[[ Stored data, beginning ]]
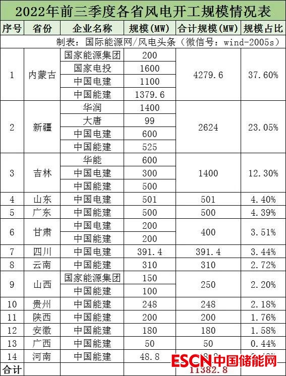 國際能源網(wǎng)/風(fēng)電頭條(微信號:wind-2005s)通過梳理,2022年前三季度開工風(fēng)電項目規(guī)模累計11382.8MW,其中內(nèi)蒙古開工風(fēng)電項目位列第一,規(guī)模達(dá)4279.6MW,新疆位列第二,規(guī)模為2624MW,吉林省位列第三,規(guī)模為1400MW。
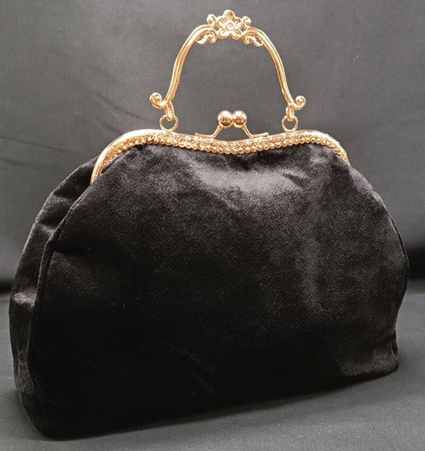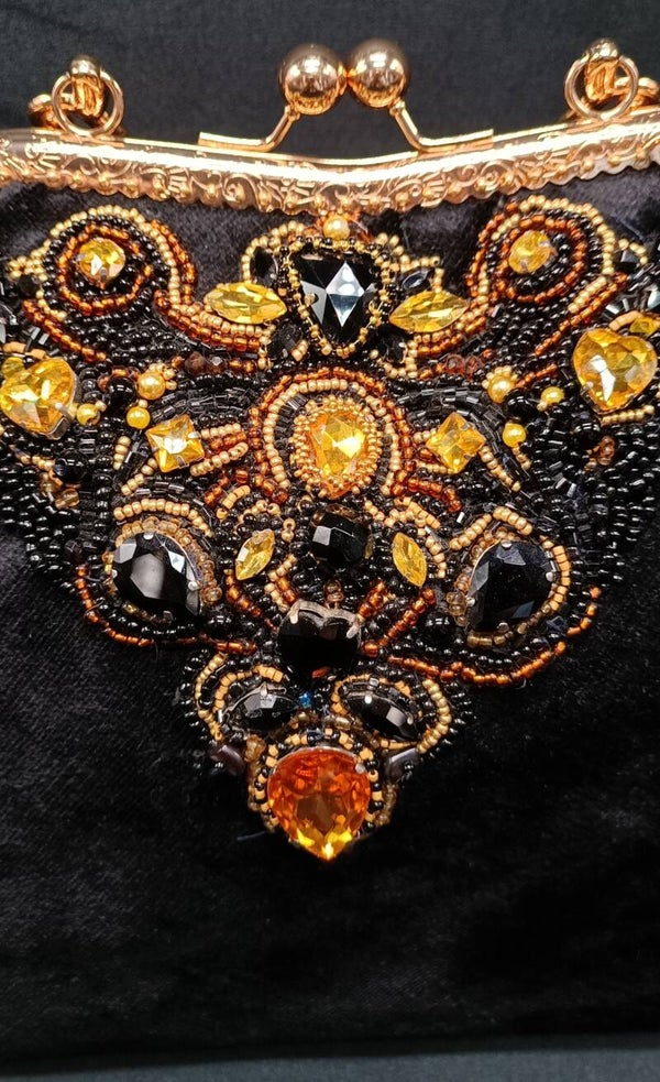 Sac à main de Soirée "Nuit Dore" en velours Noir brodée en perles japonaises, Cristaux et pierres natureles Onyx avec cadenas Kiss
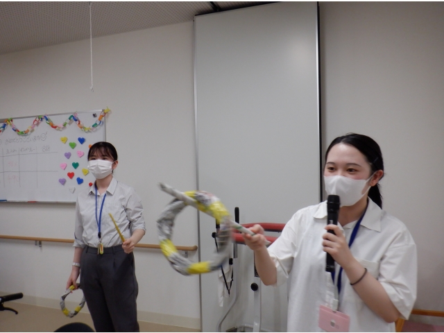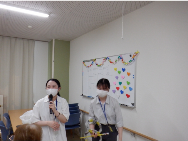 誕生日茶話会前に実習生によるお祝いの催し物が開催されました。
[[ Stored data, end ]]
Description of the task:
Copy all of the material word for word, and include none of its pictures.

Output of the task:
 國際能源網(wǎng)/風(fēng)電頭條(微信號:wind-2005s)通過梳理,2022年前三季度開工風(fēng)電項目規(guī)模累計11382.8MW,其中內(nèi)蒙古開工風(fēng)電項目位列第一,規(guī)模達(dá)4279.6MW,新疆位列第二,規(guī)模為2624MW,吉林省位列第三,規(guī)模為1400MW。
 Sac à main de Soirée "Nuit Dore" en velours Noir brodée en perles japonaises, Cristaux et pierres natureles Onyx avec cadenas Kiss
 誕生日茶話会前に実習生によるお祝いの催し物が開催されました。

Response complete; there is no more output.